### Aim of the exercise
Transcribe all the entries that follow, leaving nothing out.

### Data excerpts
::::

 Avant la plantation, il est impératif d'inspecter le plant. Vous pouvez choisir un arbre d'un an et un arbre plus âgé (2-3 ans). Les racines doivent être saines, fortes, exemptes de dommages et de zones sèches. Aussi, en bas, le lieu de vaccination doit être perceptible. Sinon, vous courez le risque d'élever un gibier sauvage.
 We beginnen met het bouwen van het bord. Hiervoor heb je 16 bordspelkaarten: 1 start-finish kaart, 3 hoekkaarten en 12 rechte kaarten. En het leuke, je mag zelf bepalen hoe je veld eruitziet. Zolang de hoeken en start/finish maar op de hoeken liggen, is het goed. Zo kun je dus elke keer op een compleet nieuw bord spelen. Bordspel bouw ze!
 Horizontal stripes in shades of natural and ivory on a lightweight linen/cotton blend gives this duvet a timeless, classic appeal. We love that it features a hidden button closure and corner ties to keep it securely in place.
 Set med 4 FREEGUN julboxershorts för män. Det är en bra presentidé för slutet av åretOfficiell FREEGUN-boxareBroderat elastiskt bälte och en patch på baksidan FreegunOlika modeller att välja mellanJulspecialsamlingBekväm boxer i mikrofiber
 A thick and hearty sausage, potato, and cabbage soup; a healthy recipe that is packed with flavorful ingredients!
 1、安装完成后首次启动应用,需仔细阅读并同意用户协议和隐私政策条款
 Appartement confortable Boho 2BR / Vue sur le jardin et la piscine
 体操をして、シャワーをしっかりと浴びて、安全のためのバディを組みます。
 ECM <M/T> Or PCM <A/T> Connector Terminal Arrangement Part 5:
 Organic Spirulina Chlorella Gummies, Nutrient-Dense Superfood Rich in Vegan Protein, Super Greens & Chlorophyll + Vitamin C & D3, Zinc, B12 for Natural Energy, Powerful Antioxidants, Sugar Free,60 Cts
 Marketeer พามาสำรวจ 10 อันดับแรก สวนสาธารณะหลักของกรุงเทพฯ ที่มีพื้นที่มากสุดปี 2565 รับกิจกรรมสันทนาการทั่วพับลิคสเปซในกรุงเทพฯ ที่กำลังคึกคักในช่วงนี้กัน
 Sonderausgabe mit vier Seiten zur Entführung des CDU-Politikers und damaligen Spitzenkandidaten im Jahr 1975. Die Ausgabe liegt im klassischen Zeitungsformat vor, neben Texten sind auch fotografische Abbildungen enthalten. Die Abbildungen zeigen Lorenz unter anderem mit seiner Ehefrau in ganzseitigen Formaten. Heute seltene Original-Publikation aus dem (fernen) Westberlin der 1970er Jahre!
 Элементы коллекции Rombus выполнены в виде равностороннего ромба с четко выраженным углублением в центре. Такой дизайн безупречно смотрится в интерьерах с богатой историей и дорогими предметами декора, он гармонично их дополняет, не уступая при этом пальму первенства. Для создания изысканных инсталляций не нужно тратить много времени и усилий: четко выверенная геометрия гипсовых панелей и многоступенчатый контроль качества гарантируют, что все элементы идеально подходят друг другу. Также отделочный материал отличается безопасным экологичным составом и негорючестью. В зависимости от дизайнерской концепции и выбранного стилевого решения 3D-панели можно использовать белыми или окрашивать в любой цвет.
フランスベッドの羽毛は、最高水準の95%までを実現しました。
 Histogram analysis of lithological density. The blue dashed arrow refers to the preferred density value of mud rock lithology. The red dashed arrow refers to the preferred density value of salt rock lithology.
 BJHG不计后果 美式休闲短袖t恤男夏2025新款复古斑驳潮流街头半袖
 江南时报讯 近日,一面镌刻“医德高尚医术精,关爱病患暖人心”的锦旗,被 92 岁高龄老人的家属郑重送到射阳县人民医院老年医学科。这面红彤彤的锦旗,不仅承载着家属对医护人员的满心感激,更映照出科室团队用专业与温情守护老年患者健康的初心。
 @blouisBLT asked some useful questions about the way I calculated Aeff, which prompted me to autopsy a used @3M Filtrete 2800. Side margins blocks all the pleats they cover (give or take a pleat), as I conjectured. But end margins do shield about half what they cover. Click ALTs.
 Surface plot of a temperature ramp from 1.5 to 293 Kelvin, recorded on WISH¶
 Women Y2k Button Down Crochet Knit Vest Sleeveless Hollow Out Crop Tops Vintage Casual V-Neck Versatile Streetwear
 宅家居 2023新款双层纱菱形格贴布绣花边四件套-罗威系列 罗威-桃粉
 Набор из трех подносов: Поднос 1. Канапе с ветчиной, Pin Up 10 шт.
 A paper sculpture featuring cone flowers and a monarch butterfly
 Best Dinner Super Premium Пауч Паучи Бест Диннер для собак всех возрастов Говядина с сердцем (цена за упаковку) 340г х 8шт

::::

### Task solution
 Avant la plantation, il est impératif d'inspecter le plant. Vous pouvez choisir un arbre d'un an et un arbre plus âgé (2-3 ans). Les racines doivent être saines, fortes, exemptes de dommages et de zones sèches. Aussi, en bas, le lieu de vaccination doit être perceptible. Sinon, vous courez le risque d'élever un gibier sauvage.
 We beginnen met het bouwen van het bord. Hiervoor heb je 16 bordspelkaarten: 1 start-finish kaart, 3 hoekkaarten en 12 rechte kaarten. En het leuke, je mag zelf bepalen hoe je veld eruitziet. Zolang de hoeken en start/finish maar op de hoeken liggen, is het goed. Zo kun je dus elke keer op een compleet nieuw bord spelen. Bordspel bouw ze!
 Horizontal stripes in shades of natural and ivory on a lightweight linen/cotton blend gives this duvet a timeless, classic appeal. We love that it features a hidden button closure and corner ties to keep it securely in place.
 Set med 4 FREEGUN julboxershorts för män. Det är en bra presentidé för slutet av åretOfficiell FREEGUN-boxareBroderat elastiskt bälte och en patch på baksidan FreegunOlika modeller att välja mellanJulspecialsamlingBekväm boxer i mikrofiber
 A thick and hearty sausage, potato, and cabbage soup; a healthy recipe that is packed with flavorful ingredients!
 1、安装完成后首次启动应用,需仔细阅读并同意用户协议和隐私政策条款
 Appartement confortable Boho 2BR / Vue sur le jardin et la piscine
 体操をして、シャワーをしっかりと浴びて、安全のためのバディを組みます。
 ECM <M/T> Or PCM <A/T> Connector Terminal Arrangement Part 5:
 Organic Spirulina Chlorella Gummies, Nutrient-Dense Superfood Rich in Vegan Protein, Super Greens & Chlorophyll + Vitamin C & D3, Zinc, B12 for Natural Energy, Powerful Antioxidants, Sugar Free,60 Cts
 Marketeer พามาสำรวจ 10 อันดับแรก สวนสาธารณะหลักของกรุงเทพฯ ที่มีพื้นที่มากสุดปี 2565 รับกิจกรรมสันทนาการทั่วพับลิคสเปซในกรุงเทพฯ ที่กำลังคึกคักในช่วงนี้กัน
 Sonderausgabe mit vier Seiten zur Entführung des CDU-Politikers und damaligen Spitzenkandidaten im Jahr 1975. Die Ausgabe liegt im klassischen Zeitungsformat vor, neben Texten sind auch fotografische Abbildungen enthalten. Die Abbildungen zeigen Lorenz unter anderem mit seiner Ehefrau in ganzseitigen Formaten. Heute seltene Original-Publikation aus dem (fernen) Westberlin der 1970er Jahre!
 Элементы коллекции Rombus выполнены в виде равностороннего ромба с четко выраженным углублением в центре. Такой дизайн безупречно смотрится в интерьерах с богатой историей и дорогими предметами декора, он гармонично их дополняет, не уступая при этом пальму первенства. Для создания изысканных инсталляций не нужно тратить много времени и усилий: четко выверенная геометрия гипсовых панелей и многоступенчатый контроль качества гарантируют, что все элементы идеально подходят друг другу. Также отделочный материал отличается безопасным экологичным составом и негорючестью. В зависимости от дизайнерской концепции и выбранного стилевого решения 3D-панели можно использовать белыми или окрашивать в любой цвет.
フランスベッドの羽毛は、最高水準の95%までを実現しました。
 Histogram analysis of lithological density. The blue dashed arrow refers to the preferred density value of mud rock lithology. The red dashed arrow refers to the preferred density value of salt rock lithology.
 BJHG不计后果 美式休闲短袖t恤男夏2025新款复古斑驳潮流街头半袖
 江南时报讯 近日,一面镌刻“医德高尚医术精,关爱病患暖人心”的锦旗,被 92 岁高龄老人的家属郑重送到射阳县人民医院老年医学科。这面红彤彤的锦旗,不仅承载着家属对医护人员的满心感激,更映照出科室团队用专业与温情守护老年患者健康的初心。
 @blouisBLT asked some useful questions about the way I calculated Aeff, which prompted me to autopsy a used @3M Filtrete 2800. Side margins blocks all the pleats they cover (give or take a pleat), as I conjectured. But end margins do shield about half what they cover. Click ALTs.
 Surface plot of a temperature ramp from 1.5 to 293 Kelvin, recorded on WISH¶
 Women Y2k Button Down Crochet Knit Vest Sleeveless Hollow Out Crop Tops Vintage Casual V-Neck Versatile Streetwear
 宅家居 2023新款双层纱菱形格贴布绣花边四件套-罗威系列 罗威-桃粉
 Набор из трех подносов: Поднос 1. Канапе с ветчиной, Pin Up 10 шт.
 A paper sculpture featuring cone flowers and a monarch butterfly
 Best Dinner Super Premium Пауч Паучи Бест Диннер для собак всех возрастов Говядина с сердцем (цена за упаковку) 340г х 8шт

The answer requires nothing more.